09-05-2003, 10:20 AM

this is a follow-up question from a thread that is pretty much dead. so I'll summarize here or you can follow the link at the end.

the example is: I have pocket aces on a rainbow board and am raised on the turn getting effective odds of about 6.5-1 on calling down through river. the question was what percentage of the time do I have to be ahead to make the call correct. (i.e. two outs to a win)

I was given the following equation- So let X be the % of time you are ahead. We want X(.95) + (1-X)(.05) = .13;

what does (.95) represent?
the amount I am ahead now but outdrawn?

thanks for the help,


link: http://forumserver.twoplustwo.com/showflat.php?Cat=&Board=smallholdem&Number=319703& fpart=&PHPSESSID=

09-05-2003, 11:14 AM
no, from what I saw in the last thread, the 95% is the proability that IF you are ahead now you do not get outdrawn, and the 5% is the probability that IF you are behind now you do outdraw him. The X% is the probability you are ahead, so combined, X*.95 is the probability you are ahead and stay ahead, and (1-X)*.05 is the combined probability that you are behind but pull ahead. (The .95 and .05 assume that you can only lose to a 2 outer or pull ahead with a 2 outer, so all that is being considered here is sets and trips).

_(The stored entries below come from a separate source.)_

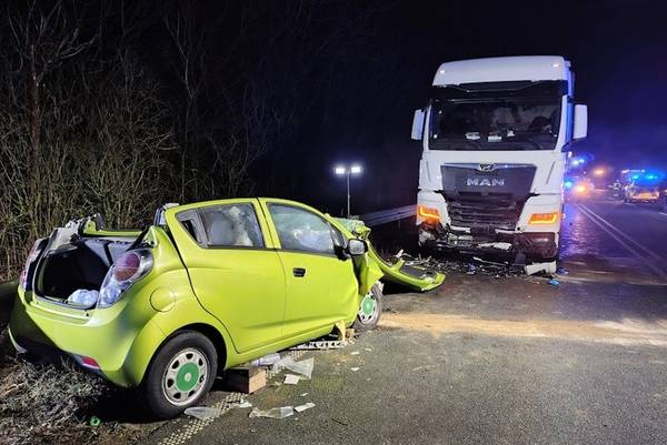 Die Feuerwehr Gangelt wurde heute Morgen um 5:38 Uhr zusammen mit der Feuerwehr Selfkant, dem Rettungsdienst im Kreis Heinsberg (RDHS) und der Polizei zu einem schweren Verkehrsunfall auf der Bundesstraße 56 n alarmiert. Gegen 5:30 Uhr befuhr ein Fahrer mit seinem Chevrolet Sparks mit belgischem Kennzeichen die Bundesstraße 56 n aus Richtung Heinsberg kommend in Fahrtrichtung Niederlande. Aus bislang ungeklärter Ursache geriet das Fahrzeug auf die Gegenfahrbahn und stieß dort frontal mit einem Lkw zusammen. Durch die Wucht des Aufpralls wurde der Fahrer lebensgefährlich verletzt in seinem Fahrzeug eingeschlossen. Da zunächst gemeldet wurde, dass der Unfall zwischen den Ortschaften Gangelt und Birgden passiert sei, wurde zunächst die Feuerwehr Gangelt zur Einsatzstelle alarmiert. Der zuerst eintreffende Rettungsdienst korrigierte jedoch die Lage auf das Gebiet der Gemeinde Selfkant, so dass die Einheiten Höngen-Saeffelen und Millen-Tüddern der Feuerwehr Selfkant ebenfalls zur Unterstützung ausrückten. Während der Rettungsdienst den lebensgefährlich verletzten Fahrer versorgte, bereiteten Einsatzkräfte der Feuerwehr die technische Rettung vor. Mit hydraulischem Rettungsgerät wurde das Dach des Pkw entfernt, so dass der Fahrer schonend gerettet werden konnte. Der Fahrer wurde zur weiteren Behandlung mit dem Rettungshubschrauber Christoph Dortmund in ein Krankenhaus der Maximalversorgung transportiert. Der Lkw-Fahrer erlitt bei dem Unfall einen Schock und musste mit leichten Verletzungen in ein Nahe gelegenes Krankenhaus transportiert werden. Durch den Rückstau kam es wenige Meter vor der Unfallstelle zu einem weiteren Verkehrsunfall. Hier stießen zwei Pkw zusammen. Die Fahrer wurden durch den Aufprall leicht verletzt und benötigten ebenfalls medizinische Hilfe. Die Einsatzkräfte der Feuerwehr betreuten die beiden Fahrer bis zum Eintreffen weitere Rettungsmittel. Auch diese beiden Fahrer wurden mit leichten Verletzungen zur weiteren Behandlung in umliegende Krankenhäuser transportiert. Für die Dauer der Rettungs- und Bergungsarbeiten musste die Bundesstraße 56n in beide Richtungen mehrere Stunden lang gesperrt werden.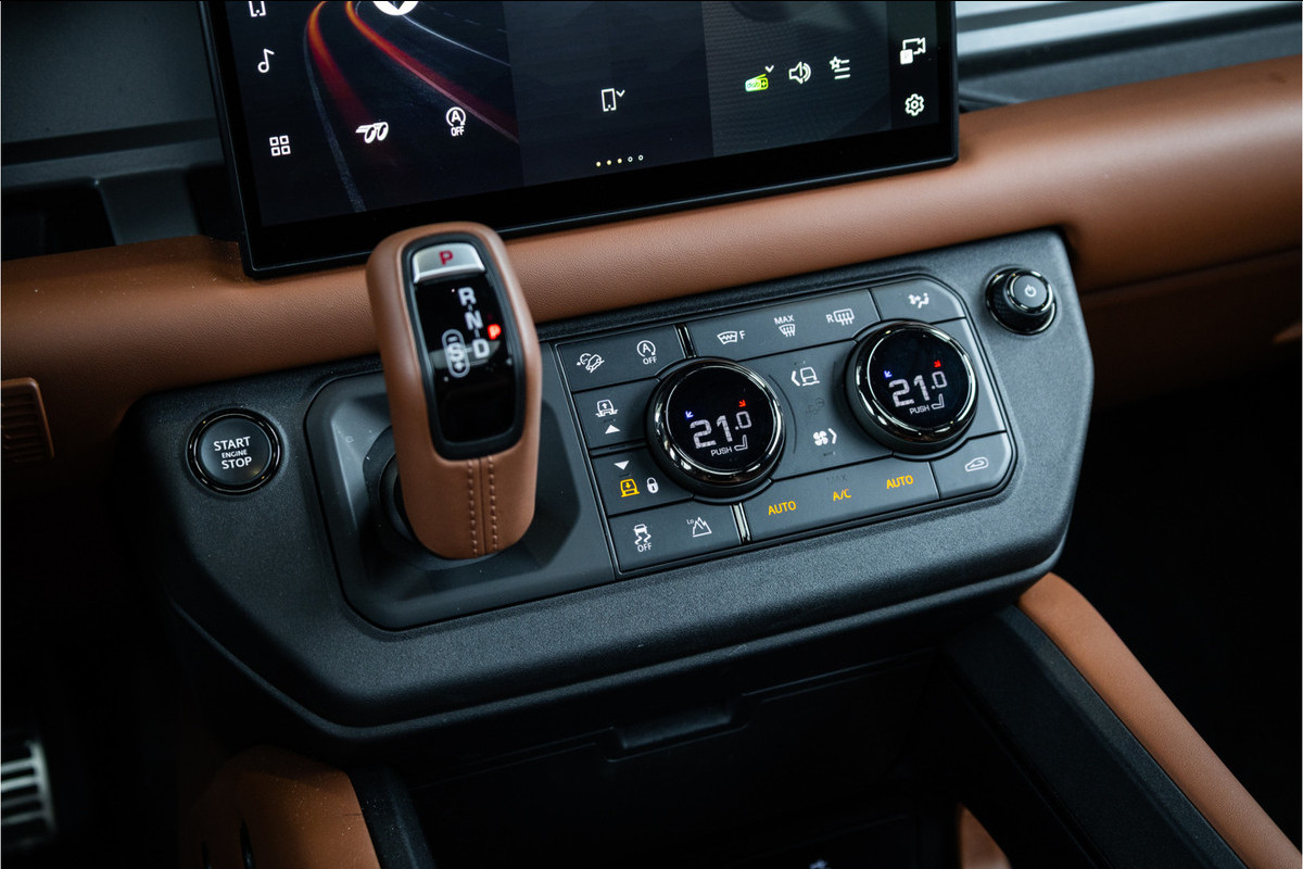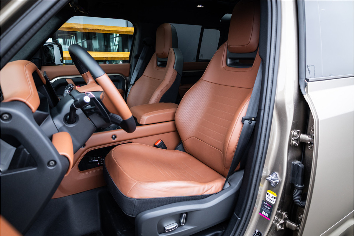 Binnenin vind je een ruim en robuust interieur met hoogwaardige materialen, comfortabele zitplaatsen en de nieuwste technologieën op het gebied van infotainment, connectiviteit en rijhulpsystemen. Of je nu lange ritten maakt, terrein trotseert of dagelijks onderweg bent, deze Defender biedt comfort, controle en vertrouwen in elke situatie.
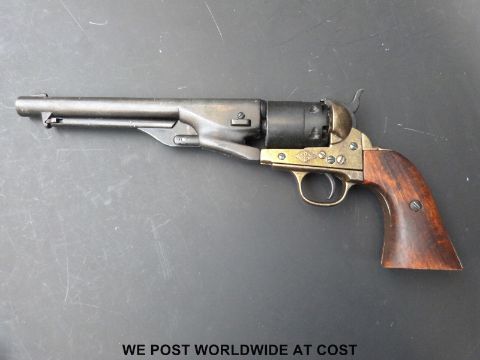 A replica BKA six-shot revolver with brass shaped wooden grips and 20cm barrel, overall length 37cm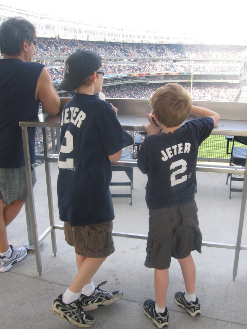 We had a lovely time even though the Yankees lost. The boys sat patiently for over four hours. Last year, Ian was a little freaked out by the elevation in our nose-bleeder seats. I had to walk around the stadium with him for a long time. This year, no problems at all. He still doesn't quite understand all the rules, but we're getting closer. In a few years, I can see him with a larger binder and a cup of Mountain Dew.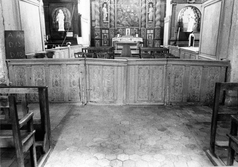 Clôture basse du choeur comportant onze panneaux sculptés et stalles.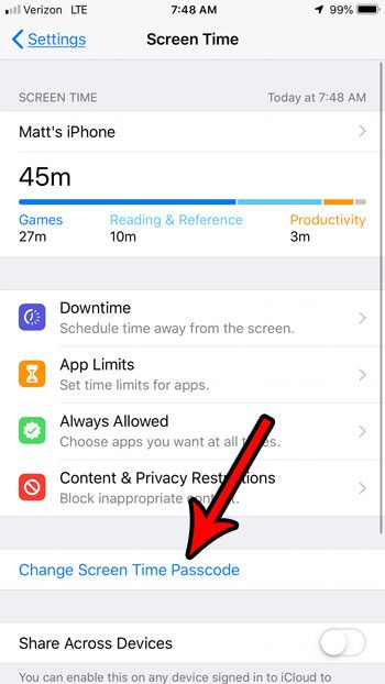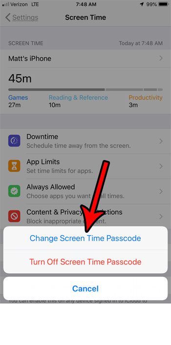 Vår artikel fortsätter nedan med ytterligare information om hur du ändrar lösenordet för iPhone-skärmtid, inklusive bilder på dessa steg.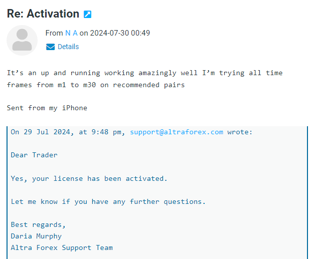 If you have any questions, please Contact Us via email: support@altraforex.com or olivermurphy@altraforex.com or via Telegram: https://t.me/olivermurphyDisclaimer U.S. Government Required Disclaimer – Trading foreign exchange on margin carries a high level of risk, and may not be suitable for all investors. The high degree of leverage can work against you as well as for you. Before deciding to invest in foreign exchange you should carefully consider your investment objectives, level of experience, and risk appetite. The possibility exists that you could sustain a loss of some or all of your initial investment and therefore you should not invest money that you cannot afford to lose. You should be aware of all the risks associated with foreign exchange trading, and seek advice from an independent financial advisor if you have any doubts. Clearly understand this: Information contained within this course is not an invitation to trade any specific investments. Trading requires risking money in pursuit of future gain. That is your decision. Do not risk any money you cannot afford to lose. This document does not take into account your own individual financial and personal circumstances. It is intended for educational purposes only and NOT as individual investment advice. Do not act on this without advice from your investment professional, who will verify what is suitable for your particular needs & circumstances. Failure to seek detailed professional personally tailored advice prior to acting could lead to you acting contrary to your own best interests & could lead to losses of capital. The products sold on this site include software for trading on forex markets (indicators) created by software developers. The Seller can be contacted at support@altraforex.com.

Note that ahead and stay ahead or behind and pull ahead are the only scenarios you win in. Those are equated to the 13% of the time you need to win to break even. With 6.5/1 odds you are nearly pot bound and should call with any draw to trips or better if hitting is virtually certain to win.

09-05-2003, 09:21 PM

I think that is what I meant to say. thanks for the explanation, makes things clearer.